Bundesweit unterzogen sich im vergangenen Jahr mehr als 600 Männer einer geschlechtsangleichenden Operation, teilt das Bundesfamilienministerium der DW auf Anfrage mit. Umgekehrt ließen sich 2018 mehr als 1200 Frauen zum Mann operieren.
Körperliche und psychische Belastung
Es gibt Patientinnen und Patienten, die nach der Operation weiter mit ihrer Identität hadern. Doch Lilith würde alles jederzeit wieder genauso machen. Auch, wenn die ganze Prozedur auf dem Weg vom Mann zur Frau nicht einfach war: die täglichen Hormone, die Arztbesuche, die vorgeschriebenen psychiatrischen Begutachtungen, der bürokratische Marathon mit der Krankenkasse, bis die Behandlung schließlich genehmigt war, die extremen Schmerzen nach der ersten OP: "Es ist wie hunderte kleine Nadeln, die überall unter Strom stehen und zu Techno-Musik tanzen."

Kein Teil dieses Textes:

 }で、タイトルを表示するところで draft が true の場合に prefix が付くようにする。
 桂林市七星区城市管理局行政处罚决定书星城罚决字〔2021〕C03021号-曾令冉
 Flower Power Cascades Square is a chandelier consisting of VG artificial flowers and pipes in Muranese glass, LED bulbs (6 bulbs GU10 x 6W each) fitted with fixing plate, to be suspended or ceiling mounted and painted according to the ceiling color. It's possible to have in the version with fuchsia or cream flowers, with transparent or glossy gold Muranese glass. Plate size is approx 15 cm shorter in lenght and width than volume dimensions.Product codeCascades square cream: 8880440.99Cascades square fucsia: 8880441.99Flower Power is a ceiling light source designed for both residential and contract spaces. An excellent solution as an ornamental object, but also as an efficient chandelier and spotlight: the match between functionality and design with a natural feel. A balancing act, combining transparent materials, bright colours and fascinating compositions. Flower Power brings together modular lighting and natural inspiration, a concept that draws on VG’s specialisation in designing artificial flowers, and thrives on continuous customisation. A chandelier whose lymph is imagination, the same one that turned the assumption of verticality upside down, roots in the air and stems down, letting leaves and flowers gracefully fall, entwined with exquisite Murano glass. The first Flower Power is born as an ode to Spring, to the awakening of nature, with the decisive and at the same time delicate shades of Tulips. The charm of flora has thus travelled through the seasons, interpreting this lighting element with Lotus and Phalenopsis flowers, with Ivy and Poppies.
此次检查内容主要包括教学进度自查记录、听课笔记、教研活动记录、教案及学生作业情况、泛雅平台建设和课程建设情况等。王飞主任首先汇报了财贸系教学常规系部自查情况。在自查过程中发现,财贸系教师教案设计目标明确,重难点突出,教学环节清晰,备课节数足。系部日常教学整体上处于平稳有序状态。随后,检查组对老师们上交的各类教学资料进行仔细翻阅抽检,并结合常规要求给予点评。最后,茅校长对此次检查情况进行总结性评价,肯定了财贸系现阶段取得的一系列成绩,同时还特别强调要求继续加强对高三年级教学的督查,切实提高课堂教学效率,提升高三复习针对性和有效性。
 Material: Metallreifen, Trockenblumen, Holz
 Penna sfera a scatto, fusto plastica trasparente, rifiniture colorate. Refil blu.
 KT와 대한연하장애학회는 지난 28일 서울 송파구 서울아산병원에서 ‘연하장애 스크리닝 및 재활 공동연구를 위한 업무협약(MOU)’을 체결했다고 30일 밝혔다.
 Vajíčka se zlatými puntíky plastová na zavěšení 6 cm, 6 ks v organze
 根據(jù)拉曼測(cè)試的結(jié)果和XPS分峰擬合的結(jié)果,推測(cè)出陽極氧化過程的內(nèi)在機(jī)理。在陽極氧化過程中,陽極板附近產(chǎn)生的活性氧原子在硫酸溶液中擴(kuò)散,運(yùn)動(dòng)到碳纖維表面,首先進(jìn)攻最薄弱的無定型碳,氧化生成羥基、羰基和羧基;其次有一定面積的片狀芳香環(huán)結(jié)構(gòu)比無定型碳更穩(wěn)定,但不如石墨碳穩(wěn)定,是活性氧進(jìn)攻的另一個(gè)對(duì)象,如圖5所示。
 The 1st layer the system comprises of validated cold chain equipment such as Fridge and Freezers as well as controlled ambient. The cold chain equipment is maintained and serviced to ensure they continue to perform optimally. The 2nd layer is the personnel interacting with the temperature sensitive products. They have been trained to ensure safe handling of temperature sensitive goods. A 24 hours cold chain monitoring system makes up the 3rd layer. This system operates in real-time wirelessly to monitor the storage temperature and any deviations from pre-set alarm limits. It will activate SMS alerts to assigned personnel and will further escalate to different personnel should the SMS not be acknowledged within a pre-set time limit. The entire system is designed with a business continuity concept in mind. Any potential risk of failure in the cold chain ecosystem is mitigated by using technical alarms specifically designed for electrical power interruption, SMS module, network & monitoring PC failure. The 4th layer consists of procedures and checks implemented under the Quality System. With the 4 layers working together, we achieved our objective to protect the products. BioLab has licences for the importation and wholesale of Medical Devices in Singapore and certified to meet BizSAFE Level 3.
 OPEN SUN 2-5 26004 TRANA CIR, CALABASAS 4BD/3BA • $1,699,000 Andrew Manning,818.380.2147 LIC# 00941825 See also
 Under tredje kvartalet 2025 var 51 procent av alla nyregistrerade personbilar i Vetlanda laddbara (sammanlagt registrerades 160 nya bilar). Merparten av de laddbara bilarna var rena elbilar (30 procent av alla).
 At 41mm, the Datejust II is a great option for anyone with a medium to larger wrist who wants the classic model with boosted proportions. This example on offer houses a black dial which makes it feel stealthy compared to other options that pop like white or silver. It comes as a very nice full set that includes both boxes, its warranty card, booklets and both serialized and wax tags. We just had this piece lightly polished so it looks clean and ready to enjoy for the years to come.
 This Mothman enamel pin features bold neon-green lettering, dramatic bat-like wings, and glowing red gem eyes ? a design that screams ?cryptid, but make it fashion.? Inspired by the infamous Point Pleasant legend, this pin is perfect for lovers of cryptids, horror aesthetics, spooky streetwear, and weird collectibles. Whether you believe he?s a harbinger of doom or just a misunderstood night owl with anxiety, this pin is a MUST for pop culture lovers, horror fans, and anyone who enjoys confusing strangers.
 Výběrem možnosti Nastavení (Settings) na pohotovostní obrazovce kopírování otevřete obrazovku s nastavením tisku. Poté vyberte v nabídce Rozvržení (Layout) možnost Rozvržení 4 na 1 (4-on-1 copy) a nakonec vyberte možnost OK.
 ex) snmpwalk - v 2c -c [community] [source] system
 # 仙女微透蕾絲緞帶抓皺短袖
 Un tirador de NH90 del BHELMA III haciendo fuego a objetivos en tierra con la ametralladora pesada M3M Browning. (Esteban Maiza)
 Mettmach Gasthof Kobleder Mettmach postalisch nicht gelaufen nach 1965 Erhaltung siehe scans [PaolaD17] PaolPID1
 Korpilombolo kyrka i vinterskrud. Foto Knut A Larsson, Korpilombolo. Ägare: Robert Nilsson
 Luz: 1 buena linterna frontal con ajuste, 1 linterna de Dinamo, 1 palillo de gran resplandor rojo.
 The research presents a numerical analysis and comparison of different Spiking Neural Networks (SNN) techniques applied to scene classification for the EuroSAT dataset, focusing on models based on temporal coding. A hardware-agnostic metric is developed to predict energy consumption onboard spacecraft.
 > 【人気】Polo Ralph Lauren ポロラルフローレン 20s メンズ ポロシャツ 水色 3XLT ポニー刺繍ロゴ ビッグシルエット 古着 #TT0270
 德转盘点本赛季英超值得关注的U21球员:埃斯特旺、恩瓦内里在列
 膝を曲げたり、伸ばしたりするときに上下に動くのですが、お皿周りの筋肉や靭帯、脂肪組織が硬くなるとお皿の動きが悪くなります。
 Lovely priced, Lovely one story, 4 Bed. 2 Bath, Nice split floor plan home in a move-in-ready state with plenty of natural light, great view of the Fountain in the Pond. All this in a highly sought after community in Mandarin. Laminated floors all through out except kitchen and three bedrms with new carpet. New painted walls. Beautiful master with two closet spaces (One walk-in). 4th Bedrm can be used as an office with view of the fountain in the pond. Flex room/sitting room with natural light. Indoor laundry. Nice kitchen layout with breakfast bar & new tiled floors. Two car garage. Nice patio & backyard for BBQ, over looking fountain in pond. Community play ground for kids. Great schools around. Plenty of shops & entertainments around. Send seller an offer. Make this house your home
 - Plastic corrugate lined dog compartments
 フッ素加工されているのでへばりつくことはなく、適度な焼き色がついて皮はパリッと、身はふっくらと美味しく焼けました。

Über Wochen konnte Lilith weder richtig laufen noch sitzen. Und nicht einmal schmerzfrei liegen. An Schlaf sei kaum zu denken gewesen. Es kam auch zu einer Entzündung in ihrer neuen Scheide, und sie musste für eine Woche zurück ins Krankenhaus. "Irgendwann bist du einfach ganz schwach, nicht nur körperlich, sondern auch seelisch."
Und dann war da noch etwas: So sehr sie sich ihren neuen, weiblichen Körper immer gewünscht hatte - anfangs fühlte er sich trotzdem fremd an. Nicht wie ein Teil von ihr. "Ich konnte mich auch nicht berühren. Mein Gehirn war total durcheinander."
Das Ende der Suche
Dann, nach ungefähr sechs Wochen, habe es auf einmal Klick gemacht. "Das Gehirn hat plötzlich versucht, die Körperteile zuzuordnen. Die alten Teile sind ja gewissermaßen alle neu verbaut worden." Tatsächlich formen die Mediziner bei einer geschlechtsangleichenden OP vom Mann zur Frau die sogenannte Neovagina aus der nach innen gestülpten Haut des Penis und aus dem ehemaligen Hodensack. Die Klitoris wird aus der Eichel gebildet, die Schamlippen aus der Vorhaut.
Bei Lilith läuft auch bei der zweiten, kosmetischen OP in Essen alles nach Plan. Sie arbeitet längst wieder und ist ganz zurück in ihrem Alltag, der doch ein anderer ist als früher. Lilith selbst sagt es so: "Früher waren meine Seele und mein Körper getrennt. Die Seele hat immer versucht, den richtigen Körper zu finden."
Eine Sehnsucht allerdings bleibt. Gern würde Lilith irgendwann wieder nach Pakistan reisen. In die Heimat. Sie vermisst ihre Familie, sagt sie. Ihr fehlen die Berge des Himalaya, sie möchte wieder ihre Muttersprache Punjabi auf der Straße hören und das Essen ihrer Kindheit schmecken. Aber als Transfrau und dazu noch als bekennende Atheistin sei das im Moment viel zu gefährlich: "Ein 'niederes Wesen' wie ich hat keine Möglichkeit, in der pakistanischen Gesellschaft zu leben."
Trotzdem wird sie bald ihre Mutter und ihre Schwester treffen, "auf neutralem Boden, irgendwo auf der Welt, wo Männer und Frauen gleich viel wert sind". Wo genau, das möchte sie aus Sicherheitsgründen nicht sagen. Ihre Zukunft sieht sie in Deutschland: "Aber ich fühle mich weder als Deutsche noch als Pakistanerin", sagt Lilith. Sondern einfach nur als Mensch. Und als Frau.